Summer Squash Casserole

Ingredients

  • 6 to 7 medium yellow squash, sliced (about 6 cups)
  • 1 large onion, chopped
  • 1 (10.5-ounce) can cream of chicken soup
  • 1 cup sour cream (regular or low-fat)
  • 1 cup grated raw carrot
  • 1 (8-ounce) package seasoned stuffing mix
  • 1/2 cup melted butter or margarine

This classic summer squash casserole is the perfect way to use up an abundance of yellow squash. Creamy, comforting, and topped with buttery stuffing mix, it’s a tried-and-true favorite at potlucks, holidays, and weeknight dinners. A few simple ingredients make this recipe easy to assemble and totally irresistible.

Cooking Steps

  • 1
    Preheat oven to 350°F (175°C).
  • 2
    In a large pot, boil squash and onion in salted water for 5 minutes. Drain well and set aside.
  • 3
    In a large mixing bowl, combine cream of chicken soup and sour cream.
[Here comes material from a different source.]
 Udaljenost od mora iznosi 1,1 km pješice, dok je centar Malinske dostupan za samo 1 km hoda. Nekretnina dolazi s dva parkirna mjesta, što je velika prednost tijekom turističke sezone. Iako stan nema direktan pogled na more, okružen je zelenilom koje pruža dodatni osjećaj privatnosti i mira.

Stir in the grated carrots.
  • 4
    Fold in the drained squash and onions, mixing gently.
  • 5
    In a separate bowl, mix stuffing mix with melted butter.
  • 6
    Spread half the stuffing mixture into the bottom of a lightly greased 9×13-inch casserole dish.
  • 7
    Add the vegetable mixture evenly over the stuffing.
  • 8
    Top with the remaining stuffing mixture.
  • 9
    Bake uncovered at 350°F for 25 to 30 minutes, or until golden and bubbly.

Tips & Variations

  • Low-fat version: Use low-fat sour cream and soup; omit the butter.
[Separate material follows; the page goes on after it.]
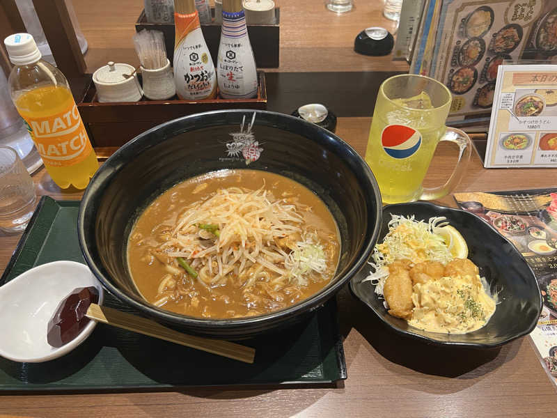 にんにく丸ごとあげたの入ってたぁーーー😳ほくほくしてカレーうどんピリ辛😋 タルタルソースうまっ😍

  • Substitute cream of mushroom soup to make it vegetarian.

  • Add shredded cheddar cheese for a richer casserole.

 Storage & Reheating

  • Store: Refrigerate leftovers in an airtight container for up to 4 days.

  • Reheat: Warm individual servings in the microwave, or reheat the whole dish covered at 325°F until hot.